The case for lower rates
While the necessary evils of politics may have nudged Mr. Warsh towards lower rates, he has articulated a clear, defensible economic framework that would permit lower (policy) interest rates amid price stability. First, he expects the balance-sheet contraction he has promised to provide sufficient tightening of financial conditions to deliver price stability even with lower policy rates. Second, he anticipates a tailwind of falling inflation to come from rising productivity delivered by artificial intelligence. Even the timing of his conversion may be defensible. A pre-requisite for the balance-sheet effects he posits would be the appointment of a chairman like himself; and as shown by Google search activity (Figure 3), he doesn’t seem to have been alone in suddenly noticing the potential for AI-led productivity growth midway through 2025.
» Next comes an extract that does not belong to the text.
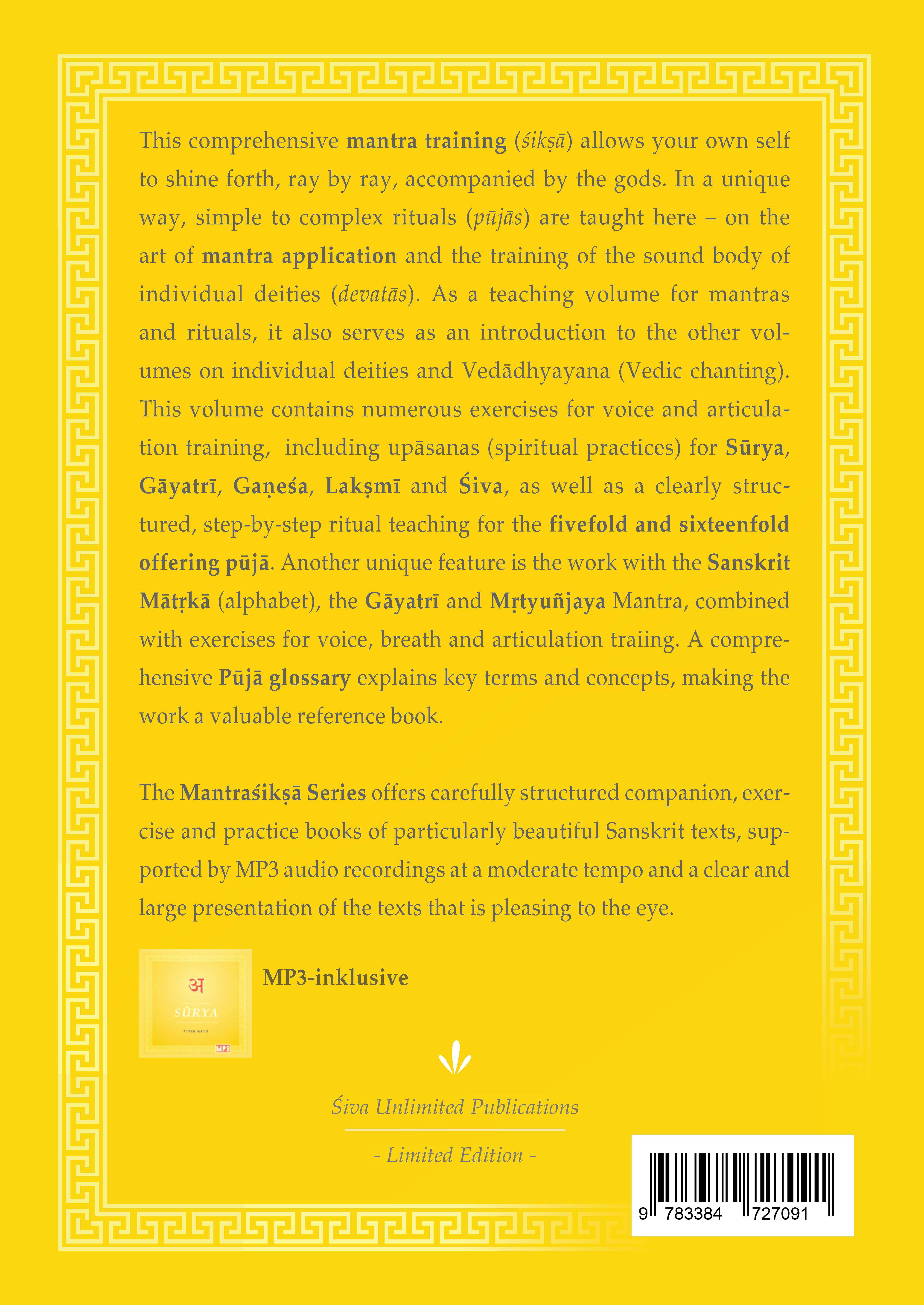 Experiencing Mantras - Step by Step in Practice and RitualThe second volume of the Mantrasiksa series is the comprehensive practice companion of the collection. It introduces the living world of mantras and unites recitation, breath, and voice training with a clearly structured teaching of puja. From simple preliminary exercises to complete sixteenfold offerings, it provides systematic instructions and spiritual upasanas for Surya, Gayatri, Ganesa, Laksmi, and Siva, as well as numerous recitation and practice exercises with the Sanskrit alphabet, the Gayatri and Mrtyuñjaya mantras.More than 120 MP3 recordings at a moderate tempo accompany the practices. With its clear layout and pleasantly large typeface, this volume is especially suited for personal study and daily practice. Together with an extensive puja glossary, it becomes a valuable manual for learning, practice, and reference - ideal both for beginners taking their first steps in recitation and ritual, and for experienced practitioners wishing to deepen and systematically expand their spiritual practice.

For the record, I expect him to be wrong about inflation on both counts, hence my expectations for a policy-rate-led bear flattening of the US yield curve in the second half. I have long maintained that both QE and QT (Quantitative Tightening, the reversal of QE) have far less effect on bond yields than the Fed and most in markets assume. Further, in my framework Being is believing effects are more important to the path of inflation than real relative price effects. But that doesn’t mean Mr. Warsh’s views are either unjustified or inconsistent with his philosophy of monetary policy as defined above.
Free the Fed now!
What about Mr. Warsh’s reported calls for a “Fed-Treasury Accord?” This results from misunderstandings of Mr. Warsh’s views on QE and of what the Fed-Treasury Accord of 1951 was. Many people confuse the Accord with the Fed’s loss of independence under pressure from the Treasury to cap its borrowing costs. It was the exact opposite: after being forced to cap interest rates through World War II and its aftermath, the Accord freed the Fed to pursue independent policy. In that context, if your starting point is that the Bernanke-Yellen-Powell Fed enslaved itself in fiscal dominance through QE, which is how Mr. Warsh (and many in the Trump Administration) view it, then unwinding QE requires a Fed-Treasury Accord to return the Fed to independence. This is actually quite sensible for market stability: if the Fed intends to shed a significant portion of its $4¼ trillion in Treasury holdings as the Treasury is selling $1½ trillion of new issuance per year, some coordination likely is necessary to prevent unintended volatility or distortions in sectors of the curve.
The final weighing
As noted above, I have much sympathy for Kevin Warsh’s broad philosophy of monetary policy, even as I doubt his justifications for lower rates amid a powerful, Localization-led capex boom. I also have questions about his understanding of economics. He is trained as a lawyer – a worrying sign after Jerome Powell – and gaps in his understanding of monetary theory are clear in some of his public discourse. But what I do not doubt is that he is at heart a hawk who will hike rates without hesitation if the Fed’s mandate for price stability is threatened. Playing politics to get the seat is different from tarnishing your reputation through poor execution of your duties. Mr. Warsh is a well respected, independently wealthy man who already has resigned from the Federal Reserve Board once over his philosophical differences. When inflation comes, as I expect it will, he will hike rates as aggressively as needed to bring it to heel. Even Claudia Sahm, despite her clear misgivings about him, credits him with the ability to admit error and change his view as the conditions demand.